Next, we wanted to make it a serverless, batch, distributed pipeline. So, we made use of Ansible and made the Master-Workers architecture. However, AWS Lambda has a time-limit of 5 minutes. But our entire NLP pipeline flow takes 30 minutes to complete.
So, we stumbled upon an idea wherein we create a Master server via Lambda and run Ansible in nohup mode. And then, we learned some very important lessons while doing nohup monitoring.
Now, we realized that Ansible can terminate the workers once the tasks are completed, but we want to delete the master also. So, we again built the Ansible playbook such that the Master kills itself once the workers are terminated.
Also, we built a serverless API for querying the results of the data-pipeline, using AWS Lambda and API Gateway. And, all this have to be built keeping in mind the HIPAA compliance, which means that the data needs to be encrypted both at rest, and in motion.

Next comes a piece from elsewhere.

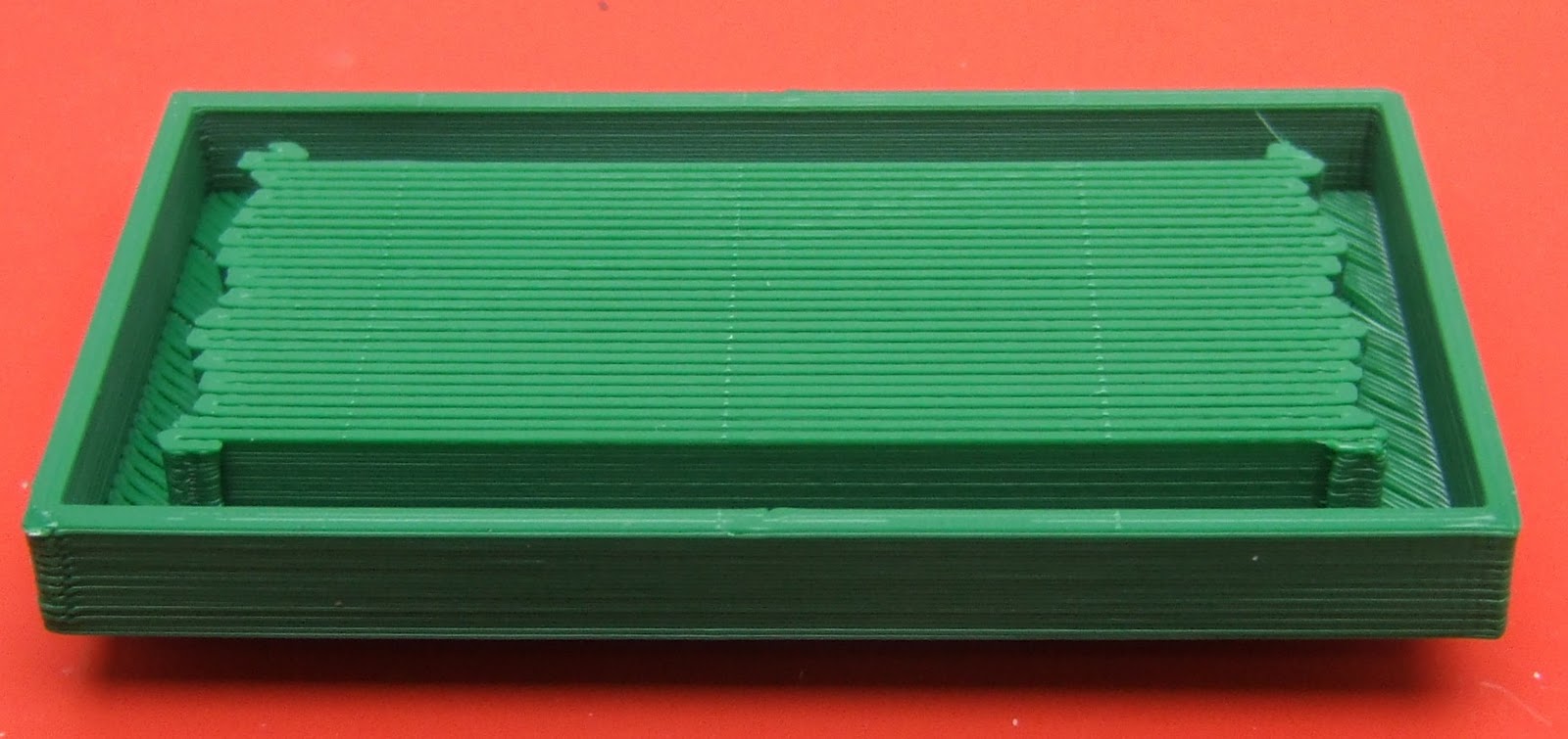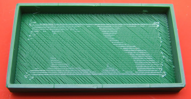 It was still quite tedious to remove, so I tried Adrian Bowyer's technique of using oil to reduce the bonding. I knew the roof of the lid started at 8mm, and my host software prints the height of the current layer, so I just waited until it had finished the support and painted it with machine oil using small paint brush, while dodging the head. It worked very well and made the support easy to remove.
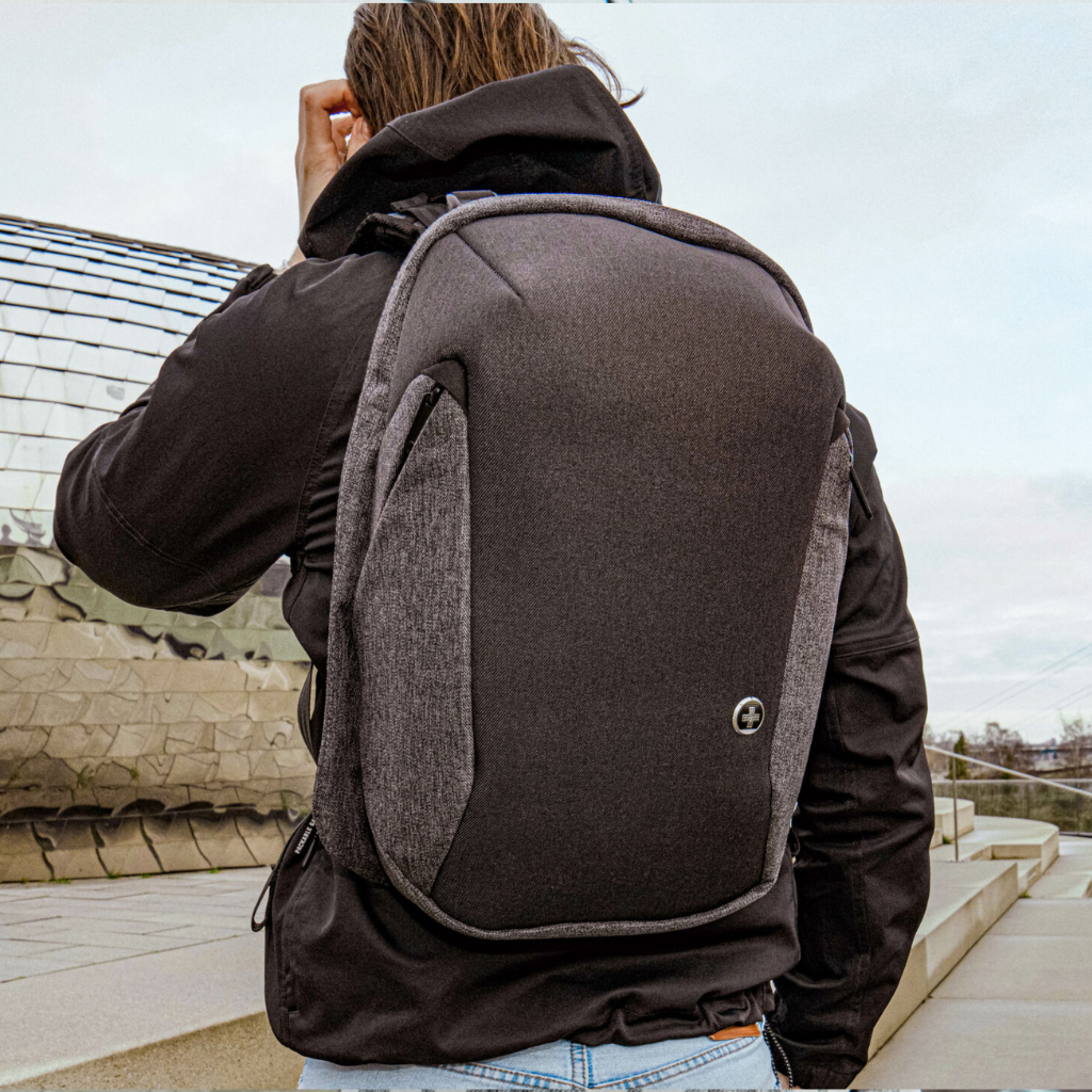 COSMO 3.0 è un elegante zaino nero con accenti grigi e un design insolito.

So, along the way of building this complete architecture, we experienced a lot of gotcha moments, failures, huge wins and pitfalls which taught us very important lessons. This talk would very briefly explain those bullet-points after the hands-on demo.
This talk would include a quick spin up of a simpler serverless Lambda function in AWS [hands-on], and explain the concept of serverless, and the gotchas and pitfalls to keep in mind while opting for a serverless architecture
Raj works as a Senior Data Scientist.
His job includes building ML algorithms, architecting data pipelines, staring at endless Linux logs and building the DevOps team.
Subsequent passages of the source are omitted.